PRMerger10 · web-flow · commit 67f77b8c6aa2 · 2019-11-26T09:20:16.000-08:00
Datadrift small changes.
diff --git a/articles/machine-learning/service/how-to-monitor-data-drift.md b/articles/machine-learning/service/how-to-monitor-data-drift.md
@@ -26,7 +26,7 @@ In the context of machine learning, data drift is the change in model input data
 With Azure Machine Learning, you can monitor the inputs to a model deployed on AKS and compare this data to the training dataset for the model. At regular intervals, the inference data is [snapshot and profiled](how-to-explore-prepare-data.md), then computed against the baseline dataset to produce a data drift analysis that: 
 
 + Measures the magnitude of data drift, called the drift coefficient.
-+ Measures the data drift contribution by feature, informing which features caused data drift.

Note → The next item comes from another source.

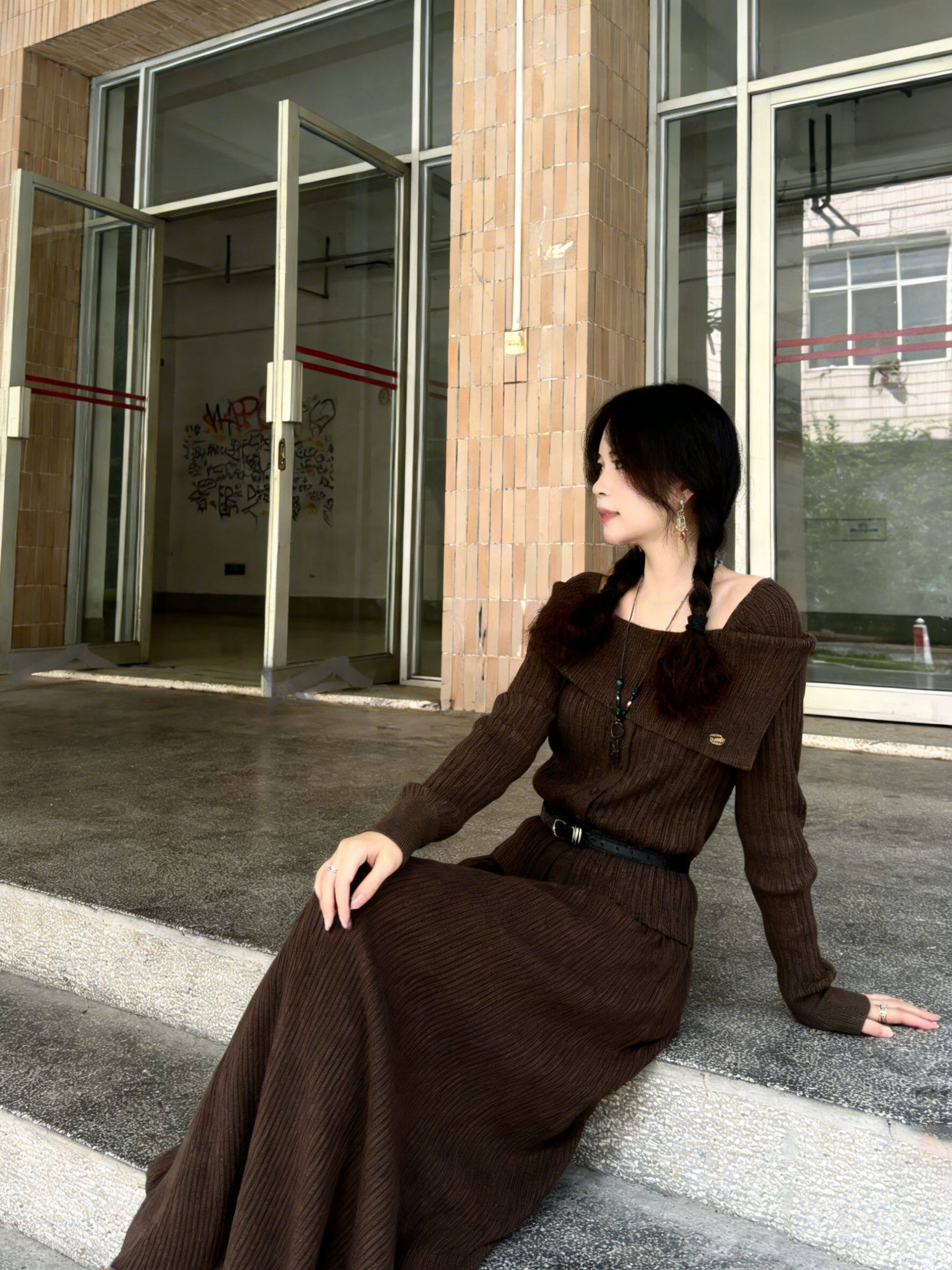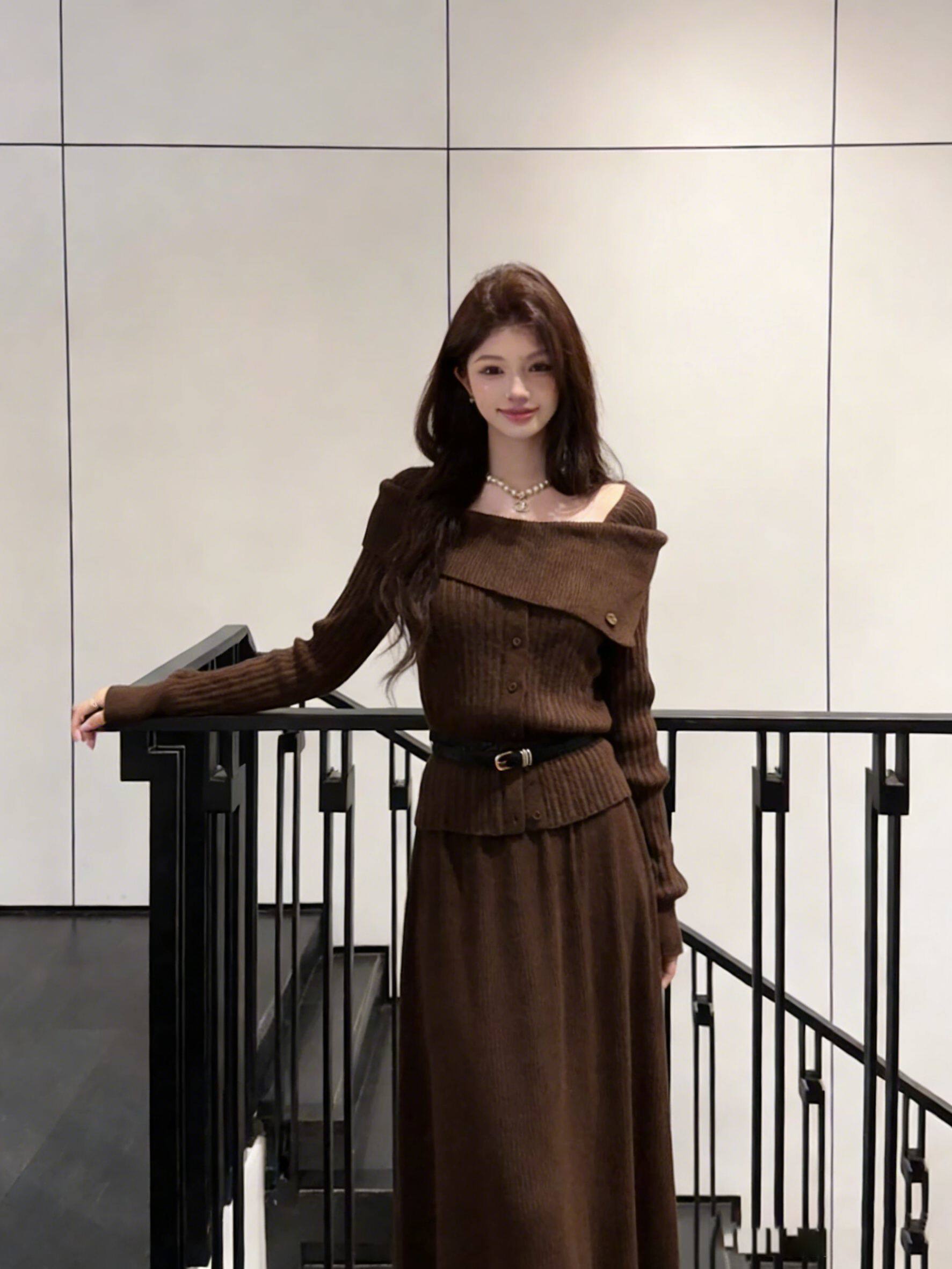 鹿向南「可可糖果」美拉德套装,秋季氛围感利器!深棕色针织衫+长款半身裙,自带复古温暖质感。修身剪裁贴合身形,显瘦不臃肿,面料亲肤舒适。日常通勤、约会逛街都适配,无需费心搭配,轻松拿捏温柔优雅的美拉德风,是颜值与实穿兼备的秋日必备套装~

++ Measures the data drift contribution by feature, indicating which features caused data drift.
 + Measures distance metrics. Currently Wasserstein and Energy Distance are computed.
 + Measures distributions of features. Currently kernel density estimation and histograms.
 + Send alerts to data drift by email.
@@ -85,7 +85,7 @@ from azureml.datadrift import DataDriftDetector, AlertConfiguration
 # if email address is specified, setup AlertConfiguration
 alert_config = AlertConfiguration('your_email@contoso.com')
 
-# create a new DatadriftDetector object
+# create a new DataDriftDetector object
 datadrift = DataDriftDetector.create(ws, model.name, model.version, services, frequency="Day", alert_config=alert_config)
     
 print('Details of Datadrift Object:\n{}'.format(datadrift))
@@ -107,7 +107,7 @@ run = datadrift.run(target_date, services, feature_list=feature_list, compute_ta
 
 # show details of the data drift run
 exp = Experiment(ws, datadrift._id)
-dd_run = Run(experiment=exp, run_id=run)
+dd_run = Run(experiment=exp, run_id=run.id)
 RunDetails(dd_run).show()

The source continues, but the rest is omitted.